Posted by: Michael Surtees | June 25, 2009 at 06:54 AM
Ana: I think social media made the whole notion of the big idea a bit obsolete. Mostly because too many ad agency created big ideas are exposed as big lies while consumer created ones seem to stick: your big idea is what consumers say it is, not what you want it to be.
Likewise, since social media is such a PR based medium- and because the whole notion of scheduled campaigns no longer makes any sense when people are talking about you all the time-- it seems the most successful advertising is a mix of constant low-level communication-- blog posting, facebook paging, etc.-- mixed in with a series of one-off promotions a la Whopper Sacrifice. So while one keeps a steady flow of conversation going with the consumer, the other builds interest around specific events or promotions. spiking the amount of chatter and awareness from time to time.
Kind of like having the car engine running but stepping on the gas and gunning the engine from time to time.
Posted by: Alan Wolk | June 27, 2009 at 09:22 PM
Alan, thanks for your comment. I haven't weighted social media into my argument, but they definitely belong there.
But basically, I think it's similar: either break down the campaign into a number of small things that are continuously released, or just - as you say - participate continuously in the conversations about your brand.
I just find it weird because the industry awards systems are such that they still award a "big idea". It is very hard to evaluate the impact/value of a campaign if it's done as we say. Like, how do you separate there creators from consumers, an initial idea from the conversation about it, it's short-term vs. long-term impact? most campaigns can't be successful within a year, because it just takes time to start a conversation around the brand and/or for people to really adopt the tools that are developed. So while we agree that the big idea is obsolete, it is unfortunately still sought after by clients and the industry. I find that weird.

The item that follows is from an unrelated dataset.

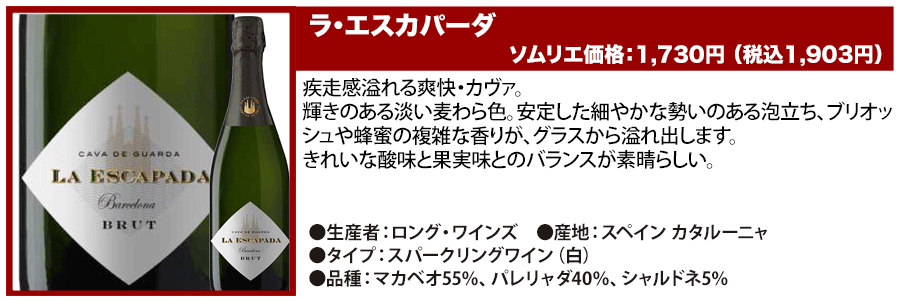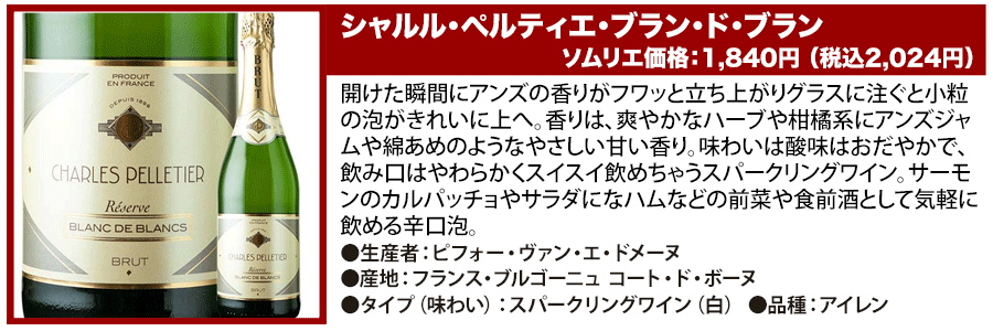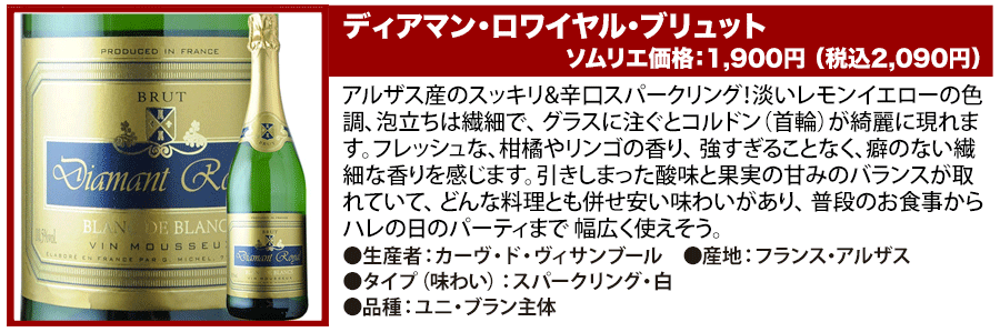 ●ジーグラー・クレマン・ダルザス / カーヴ・ド・ベブレンハイム ●チスパス・ブリュット / ロング・ワインズ ●シャルル・ぺルティエ ブラン・ド・ブラン ブリュット / ピフォー・ヴァン・エ・ドメーヌ ●ラ・エスカパーダ / ロング・ワインズ ●ディアマン・ロワイヤル・ブリュット / カーヴ・ド・ヴィサンブール ●ダイ・スプマンテ・ブリュット / カーサ・ヴィニコーラ・カルディローラ ●ボニトゥラ / カーサ・デ・フォンテ・ペケーナ |

So, yea, completely agree, thanks for sharing your thoughts.
Posted by: Ana Andjelic | June 28, 2009 at 09:41 PM
Michael: of course you are correct. I was talking about digital tools in general (mobile, web, etc).
And yep, re: small fires. That's exactly the point. Because no one can predict in advance what's going to work and what is not, the best is just to develop as much things possible, and then actually SEE what works (instead of predicting). But when you have ONE big idea, in most cases, you just gamble: the chances of success border on randomness.
Thanks for your feedback!
Posted by: Ana Andjelic | June 28, 2009 at 09:55 PM
Comment turned too long. Turned into post. Hope you don't mind. Post url in name. Briefly: I think big ideas are relevant when the brand is a new entrant or looking to enter a new group of people.
Posted by: Sriram Venkitachalam | June 29, 2009 at 04:32 AM
@Sriram: Nice post, agree that new brands should push out the Big Idea about their brand in order to frame what consumers should be thinkng.
One caveat: consumers will ultimately decide if that initial Big Idea is correct and will mold it as per their own experience with the product or service. Brands need to be flexible and willing to adapt their messaging so that it's in line with consumer experience and expectations.
Posted by: Alan Wolk | June 29, 2009 at 10:12 AM
Just came across the following from the brilliant David Oglivy from "Oglivy on Advertising" book (1983). Might be of interest:
"You can do homework from now until doomsday, but you will never win fame and fortune unless you also invent big ideas. It takes a big idea to attract the attention of consumers and get them to buy your product. Unless your advertising contains a big idea, it will pass like a ship in the night."
"It will help you recognize a big idea if you ask yourself...could it be used for 30 years?"